In this post , i will talk about sentry tool and make some authorization settings for OS groups.


Have a look at the documentation: 

Apache Sentry (incubating) is a granular, role-based authorization module for Hadoop. Sentry provides the ability to control and enforce precise levels of privileges on data for authenticated users and applications on a Hadoop cluster. Sentry currently works out of the box with Apache Hive, Hive Metastore/HCatalog, Apache Solr, Cloudera Impala and HDFS (limited to Hive table data).

First, our sentry version is :

mysql> select * from SENTRY_VERSION;
+--------+----------------+-------------------------------------+
| VER_ID | SCHEMA_VERSION | VERSION_COMMENT                     |
+--------+----------------+-------------------------------------+
|      1 | 1.4.0-cdh5-2   | Sentry release version 1.4.0-cdh5-2 |
+--------+----------------+-------------------------------------+
1 row in set (0.00 sec)

As you see , we can think sentry as a police officer who checks whether this SQL query allowed to run or not, in brief.

We can integrate sentry with Active Directory and also use kerberos authentication system in our BDA environment.

In this post, i am passing configuration part of sentry which you can follow from here.  But i will talk about sentry database model and how to use sentry with our systems.

Sentry Database Model.

Sentry use a very simple database model. You can access configuration settings from Cloudera Manager -> Sentry service-> Configuration page


Lets connect sentry mysql database in this example.

You will see following tables:

mysql> use sentry;
Database changed
mysql> show tables;
+------------------------------+
| Tables_in_sentry             |
+------------------------------+
| SENTRY_DB_PRIVILEGE          |
| SENTRY_GROUP                 |
| SENTRY_ROLE                  |
| SENTRY_ROLE_DB_PRIVILEGE_MAP |
| SENTRY_ROLE_GROUP_MAP        |
| SENTRY_VERSION               |
| SEQUENCE_TABLE               |
+------------------------------+
7 rows in set (0.00 sec)

The important tables are following and you can check your grants in tables easily.
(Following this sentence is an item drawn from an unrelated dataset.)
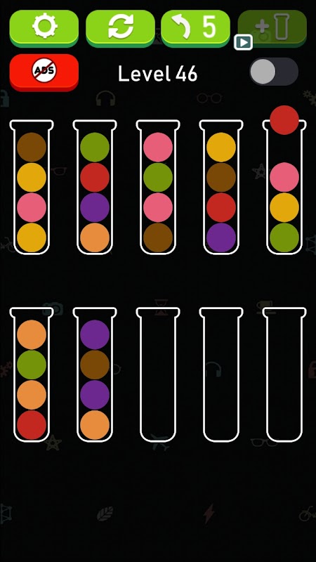 • Tap any tube to move the ball lie on top in the tube to another tube.
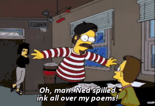 Oh, man! Ned spilled ink all over my poems! He's a real flat tire. I mean a cube, man. He's putting us on the train to Squaresville, Mona.

SENTRY_ROLE                  -> Defined roles 
SENTRY_GROUP                 -> Granted OS groups 
SENTRY_ROLE_GROUP_MAP        -> which roles assigned to which roles.
SENTRY_DB_PRIVELEGE          -> which grants are given
SENTRY_ROLE_DB_PRIVILEGE_MAP -> grants assigned to roles

You can also give select grant on a table or a jar file using file path in sentry.

In table SENTRY_DB_PRIVELEGE, these privileges are also listed.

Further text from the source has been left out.